* Exercise requirements
Exactly as they stand, copy the lines from the one containing "After 60 minutes, wash" to the final line of the data; leave out the pictures.

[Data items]
^^^^

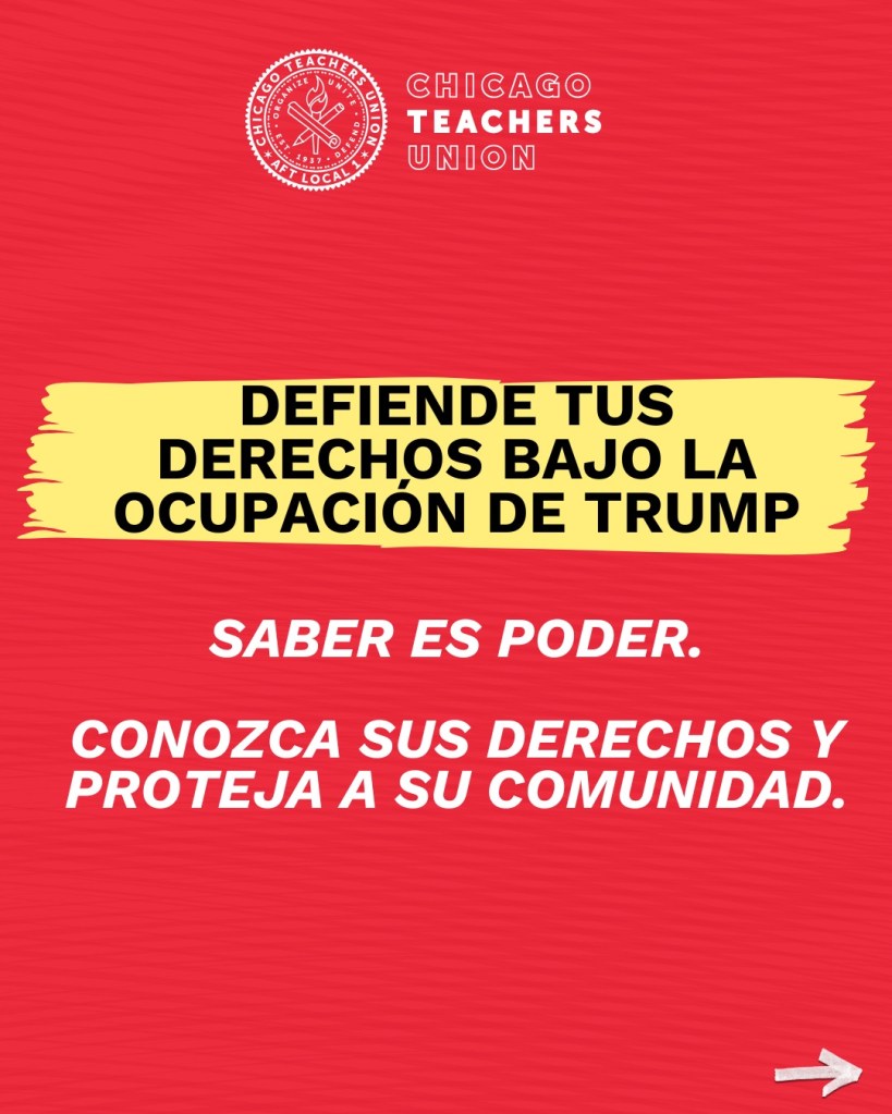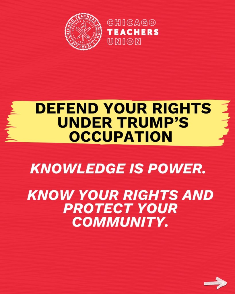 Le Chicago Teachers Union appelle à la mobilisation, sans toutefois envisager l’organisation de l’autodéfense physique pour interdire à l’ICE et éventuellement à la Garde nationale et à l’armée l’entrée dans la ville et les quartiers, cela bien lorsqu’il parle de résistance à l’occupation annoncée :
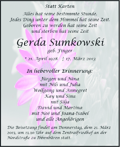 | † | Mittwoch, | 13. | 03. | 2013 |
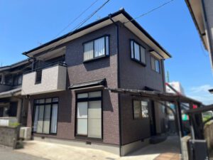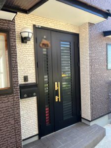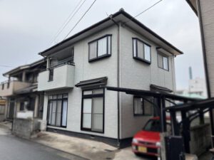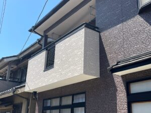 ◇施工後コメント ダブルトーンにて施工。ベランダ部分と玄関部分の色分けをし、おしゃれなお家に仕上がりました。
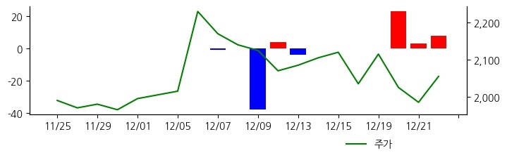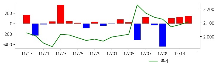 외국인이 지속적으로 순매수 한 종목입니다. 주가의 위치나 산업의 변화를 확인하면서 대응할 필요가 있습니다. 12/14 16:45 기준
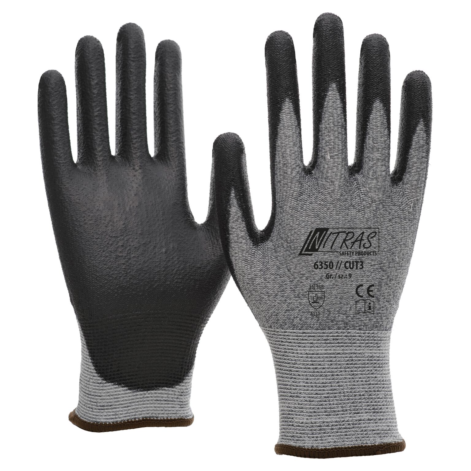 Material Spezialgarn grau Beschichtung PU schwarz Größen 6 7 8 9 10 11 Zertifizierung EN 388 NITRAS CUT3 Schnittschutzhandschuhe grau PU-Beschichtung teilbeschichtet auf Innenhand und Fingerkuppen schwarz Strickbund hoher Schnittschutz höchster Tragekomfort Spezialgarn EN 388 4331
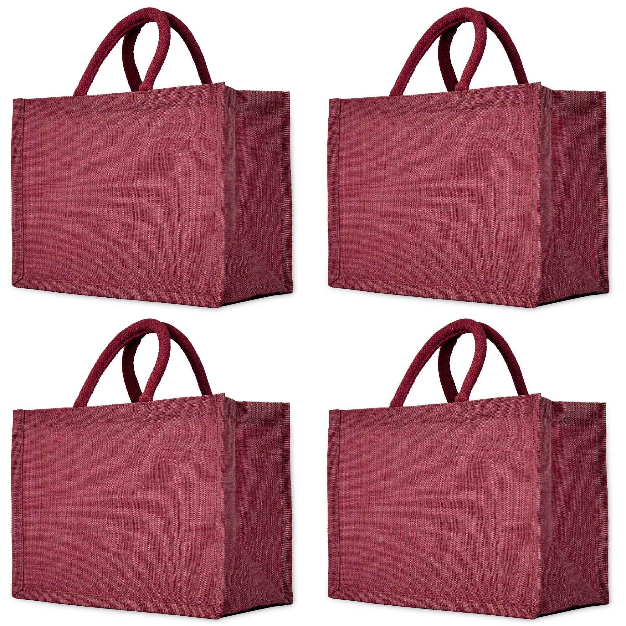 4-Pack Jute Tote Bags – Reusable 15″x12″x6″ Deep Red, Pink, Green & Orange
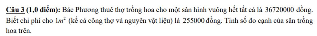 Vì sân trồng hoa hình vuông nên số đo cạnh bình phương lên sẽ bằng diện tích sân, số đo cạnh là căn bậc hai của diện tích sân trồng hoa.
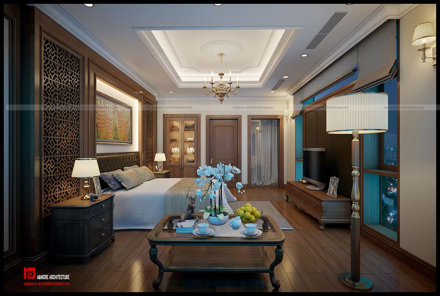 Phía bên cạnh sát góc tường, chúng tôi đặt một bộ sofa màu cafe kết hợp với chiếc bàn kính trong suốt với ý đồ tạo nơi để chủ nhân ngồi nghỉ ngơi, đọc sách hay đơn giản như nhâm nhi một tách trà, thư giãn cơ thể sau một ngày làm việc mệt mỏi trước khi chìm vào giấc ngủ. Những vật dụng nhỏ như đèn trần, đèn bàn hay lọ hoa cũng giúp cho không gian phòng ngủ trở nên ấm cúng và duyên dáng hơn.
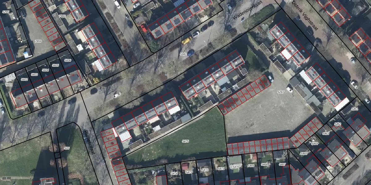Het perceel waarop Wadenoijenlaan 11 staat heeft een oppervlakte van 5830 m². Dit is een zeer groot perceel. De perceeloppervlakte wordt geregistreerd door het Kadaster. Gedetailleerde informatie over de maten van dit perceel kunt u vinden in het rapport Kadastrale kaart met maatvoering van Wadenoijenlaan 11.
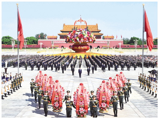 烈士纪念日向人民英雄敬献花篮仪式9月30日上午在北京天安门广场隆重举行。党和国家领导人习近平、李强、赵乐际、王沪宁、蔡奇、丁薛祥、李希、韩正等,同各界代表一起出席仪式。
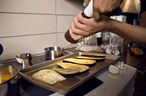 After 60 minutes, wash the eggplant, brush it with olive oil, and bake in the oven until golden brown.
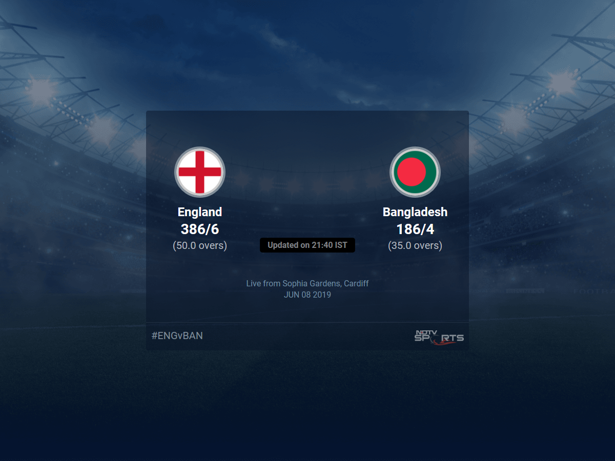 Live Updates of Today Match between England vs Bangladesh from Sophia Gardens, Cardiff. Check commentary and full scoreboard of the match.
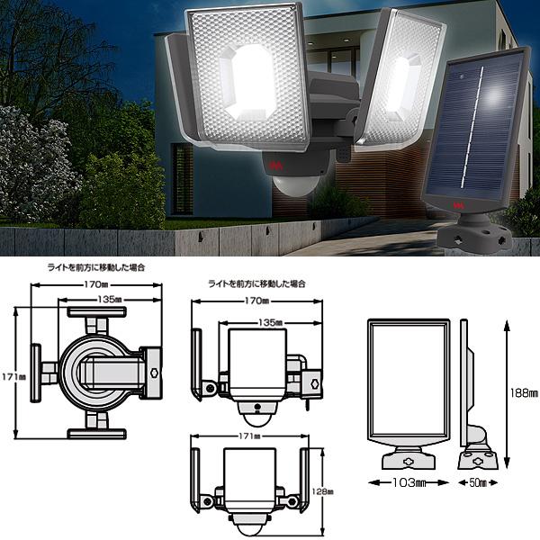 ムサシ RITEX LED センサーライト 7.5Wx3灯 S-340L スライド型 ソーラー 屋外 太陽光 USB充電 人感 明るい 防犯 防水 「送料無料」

^^^^

* Answer to this problem
 After 60 minutes, wash the eggplant, brush it with olive oil, and bake in the oven until golden brown.
 Live Updates of Today Match between England vs Bangladesh from Sophia Gardens, Cardiff. Check commentary and full scoreboard of the match.
 ムサシ RITEX LED センサーライト 7.5Wx3灯 S-340L スライド型 ソーラー 屋外 太陽光 USB充電 人感 明るい 防犯 防水 「送料無料」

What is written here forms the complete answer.